What this task involves: Although the records contain pictures, repeat only the text of every line exactly.

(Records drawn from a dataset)
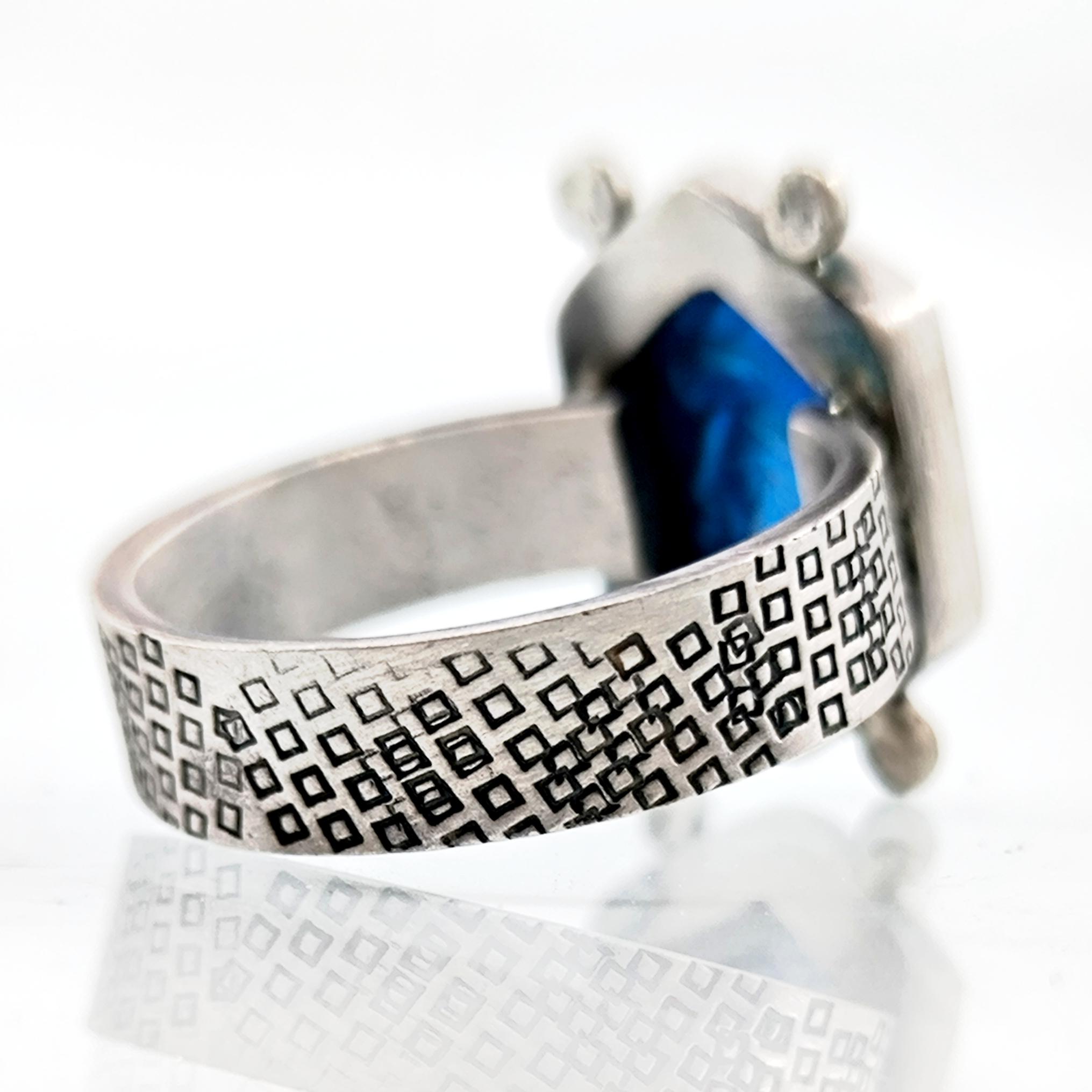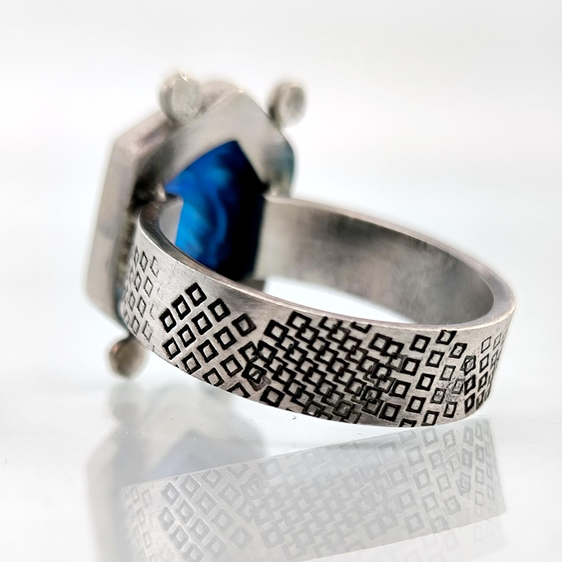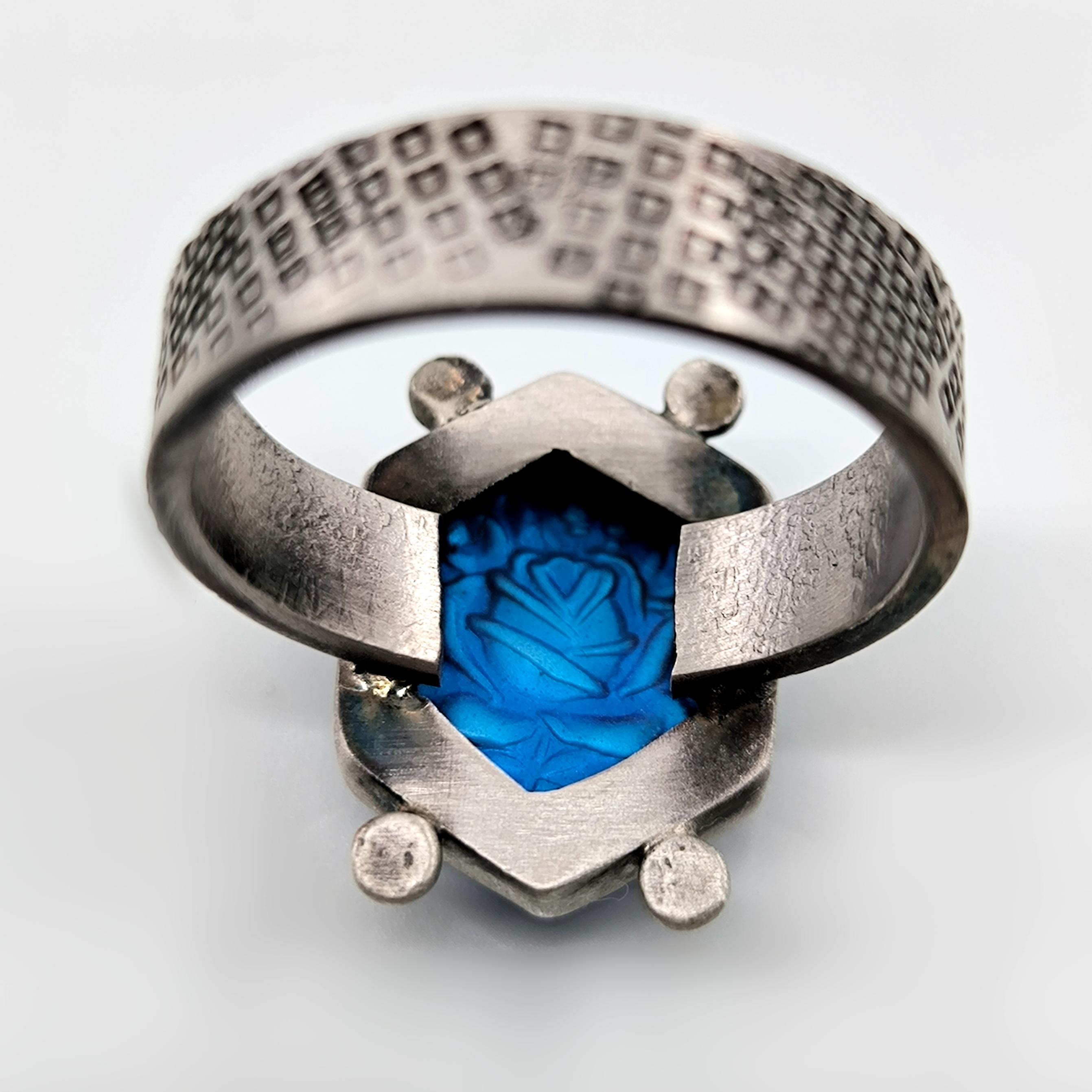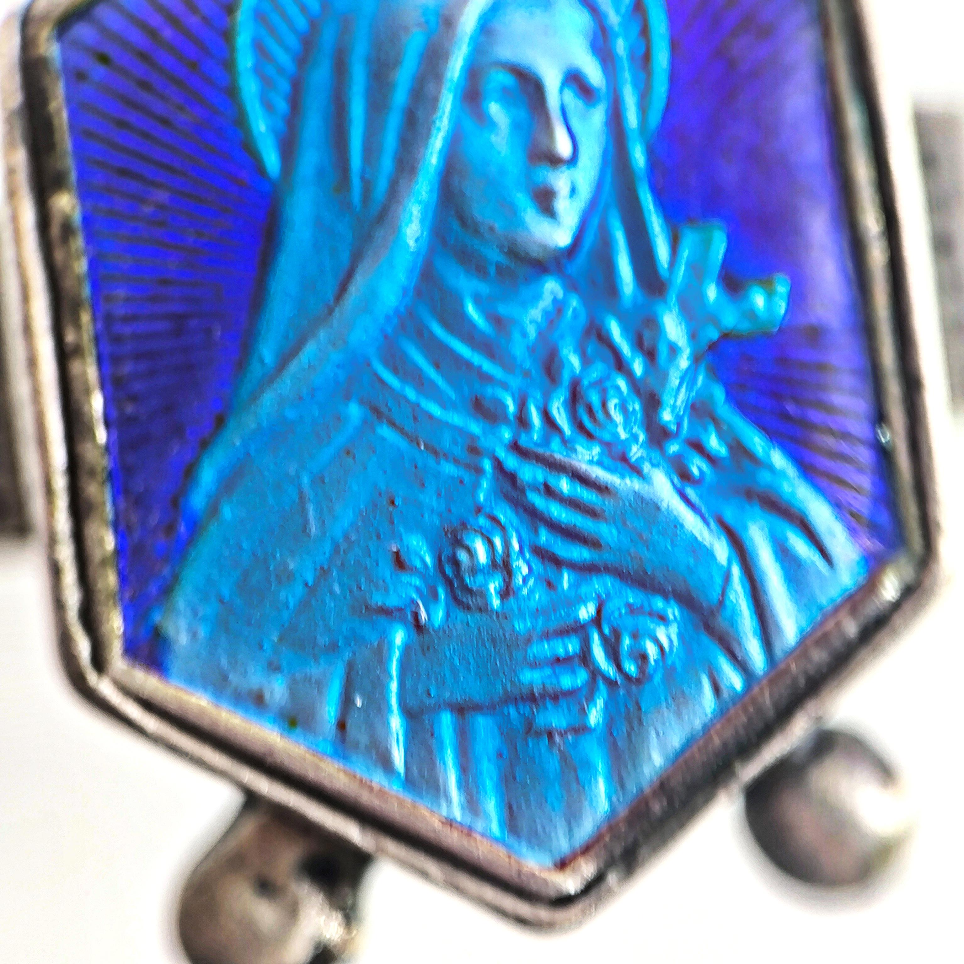 Vintage dönemin mineli bir kolyesiyken ustamızın elinde 925 ayar gümüş çerçeveli zarif bir yüzüğe dönüştü! Derin mavi fon üzerinde, mine işçiliğiyle işlenmiş Meryem Ana tasviri elinde çiçeklerle saflığı ve ilahi sevgiyi, başındaki hale ise koruyucu ışığını yansıtıyor. Bu yüzük, inanç ve zarafeti bir arada taşıyan eşsiz bir parça.
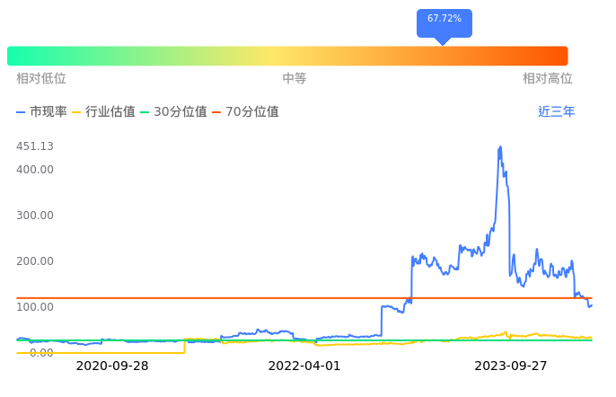 2023年09月28日,久远银海上涨1.71%收于26.72,今日成交金额2.62亿元。下文将从市盈率PETTM、市净率PB、市现率3个角度去分析公司估值情况。
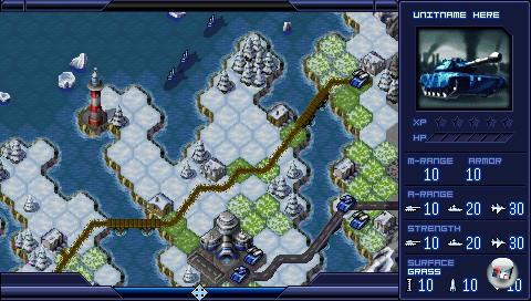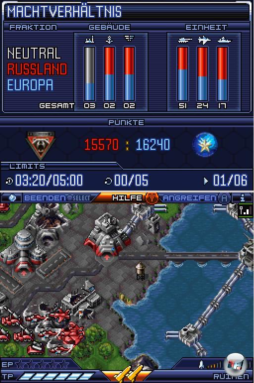 Nach einigen gewonnenen Schlachten schaltet ihr übrigens zusätzliche Karten frei, auf denen ihr außerhalb der Kampagne kämpfen dürft. Und wem das nicht reicht, der bastelt sich im Handumdrehen eigene Einsätze, auf denen er sowohl alleine als auch im WiFi-Duell in den Krieg ziehen darf. Auch wenn man im Gegensatz zu Advance Wars die Karten von Grund auf neu gestaltet: Zum flotten Erstellen einer schnellen Partie ist der Editor kaum geeignet, da ihr nicht die Position einzelner Hexfelder bestimmt, sondern lediglich den generellen geografischen Zustand von zwölf Hexfelder großen Vierecken festlegt. Sprich: Was im Editor eine 8×8 Felder große Karte ist, erscheint im Spiel als 32×24 großes Schlachtfeld. Das kostet nicht nur Zeit zum Eingewöhnen, es lässt euch auch nur vorgefertigte, vier Einheiten starke Truppenverbände auf einem der editierbaren Felder platzieren – welche Einheit genau wo steht, könnt ihr so nicht bestimmen. Und gerade das hat mir den Editor leider gründlich versäuert.
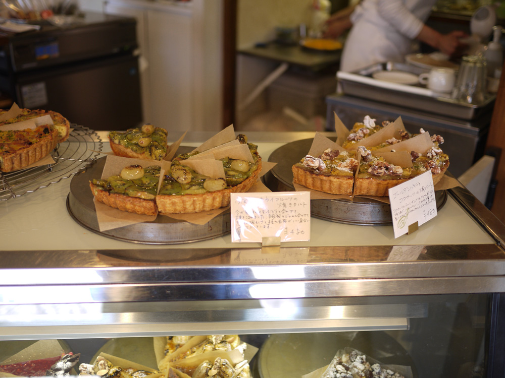 ショーケースの上には季節のタルトが置かれていました。
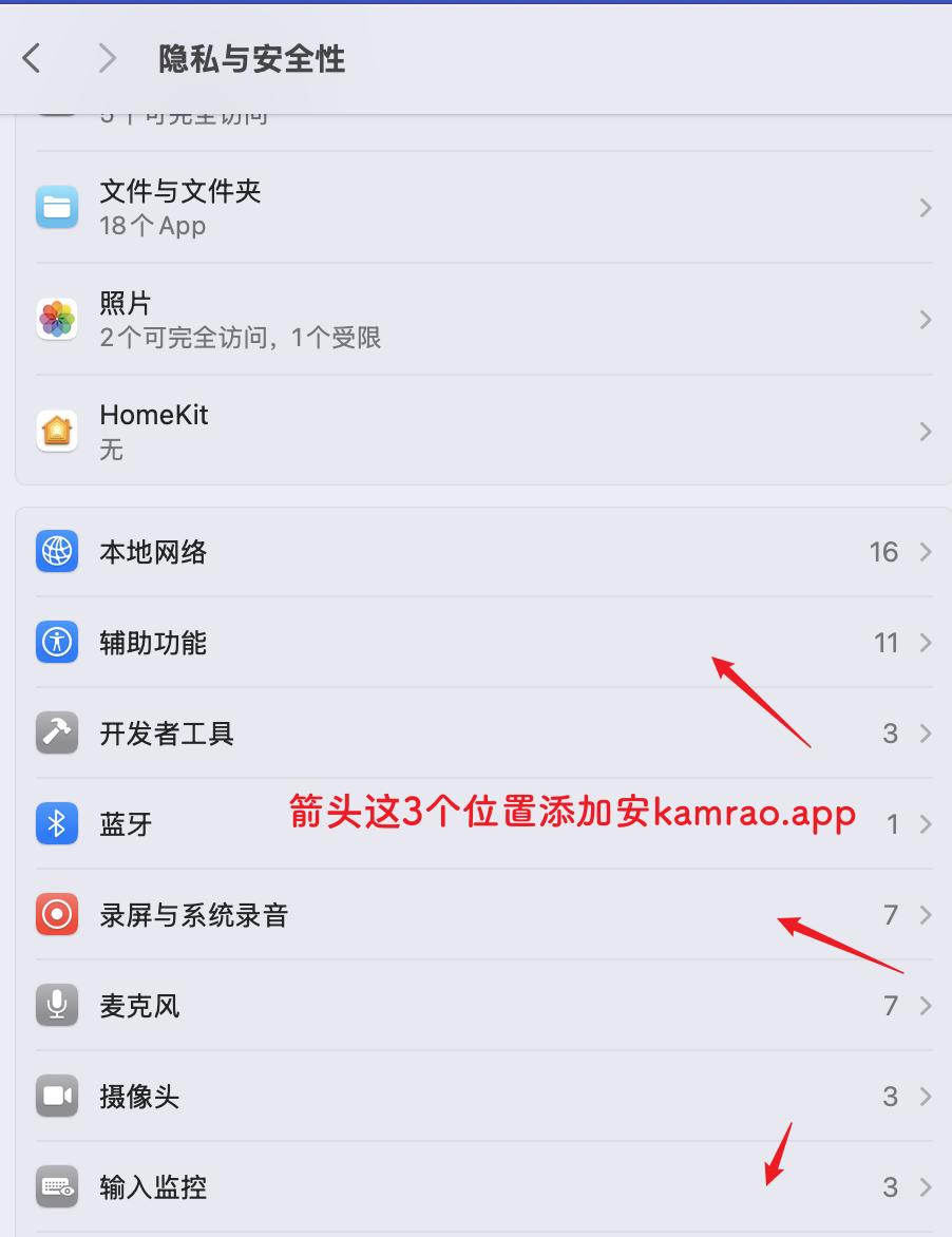 - 如何设置:系统偏好设置 > 安全性与隐私 > 辅助功能 > 添加Kamrap
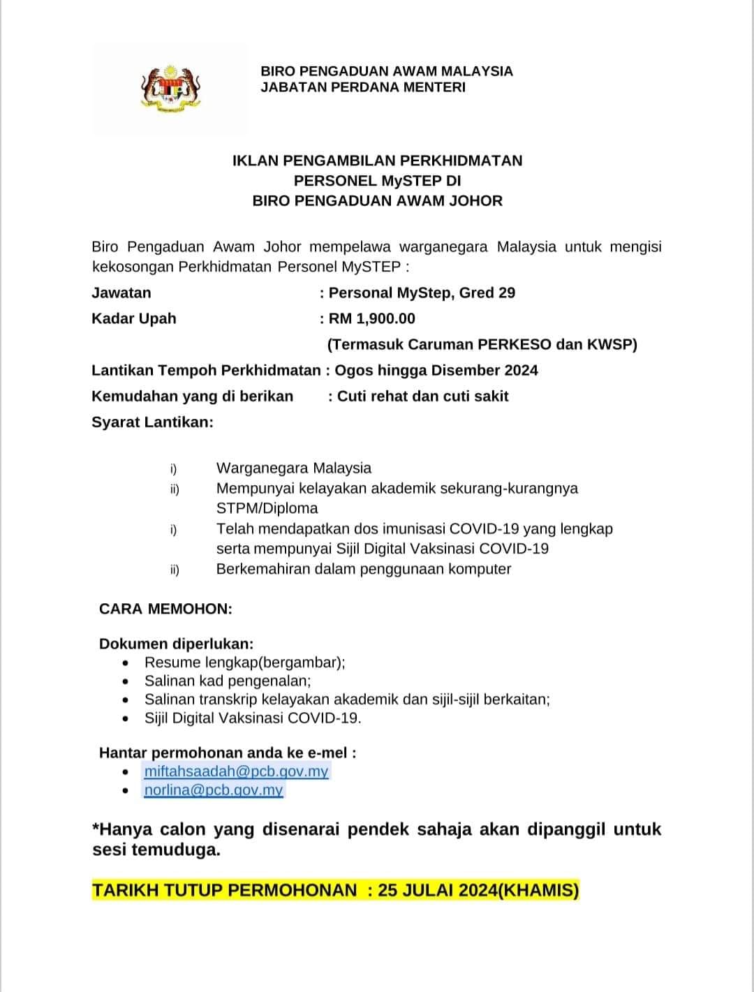 Iklan Jawatan Biro Pengaduan Awam, Jabatan Perdana Menteri (JPM)
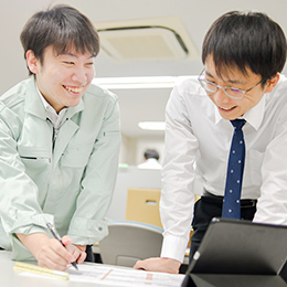 アシスタントからスタートした後は、将来的に設計、現場管理、管理部門などのキャリアアップおよびキャリアチェンジも可能です。サポートを通じて全体の流れを覚えた後は、希望する業務やポジションに挑戦することもできます。

Answer to the exercise:
 Vintage dönemin mineli bir kolyesiyken ustamızın elinde 925 ayar gümüş çerçeveli zarif bir yüzüğe dönüştü! Derin mavi fon üzerinde, mine işçiliğiyle işlenmiş Meryem Ana tasviri elinde çiçeklerle saflığı ve ilahi sevgiyi, başındaki hale ise koruyucu ışığını yansıtıyor. Bu yüzük, inanç ve zarafeti bir arada taşıyan eşsiz bir parça.
 2023年09月28日,久远银海上涨1.71%收于26.72,今日成交金额2.62亿元。下文将从市盈率PETTM、市净率PB、市现率3个角度去分析公司估值情况。
 Nach einigen gewonnenen Schlachten schaltet ihr übrigens zusätzliche Karten frei, auf denen ihr außerhalb der Kampagne kämpfen dürft. Und wem das nicht reicht, der bastelt sich im Handumdrehen eigene Einsätze, auf denen er sowohl alleine als auch im WiFi-Duell in den Krieg ziehen darf. Auch wenn man im Gegensatz zu Advance Wars die Karten von Grund auf neu gestaltet: Zum flotten Erstellen einer schnellen Partie ist der Editor kaum geeignet, da ihr nicht die Position einzelner Hexfelder bestimmt, sondern lediglich den generellen geografischen Zustand von zwölf Hexfelder großen Vierecken festlegt. Sprich: Was im Editor eine 8×8 Felder große Karte ist, erscheint im Spiel als 32×24 großes Schlachtfeld. Das kostet nicht nur Zeit zum Eingewöhnen, es lässt euch auch nur vorgefertigte, vier Einheiten starke Truppenverbände auf einem der editierbaren Felder platzieren – welche Einheit genau wo steht, könnt ihr so nicht bestimmen. Und gerade das hat mir den Editor leider gründlich versäuert.
 ショーケースの上には季節のタルトが置かれていました。
 - 如何设置:系统偏好设置 > 安全性与隐私 > 辅助功能 > 添加Kamrap
 Iklan Jawatan Biro Pengaduan Awam, Jabatan Perdana Menteri (JPM)
 アシスタントからスタートした後は、将来的に設計、現場管理、管理部門などのキャリアアップおよびキャリアチェンジも可能です。サポートを通じて全体の流れを覚えた後は、希望する業務やポジションに挑戦することもできます。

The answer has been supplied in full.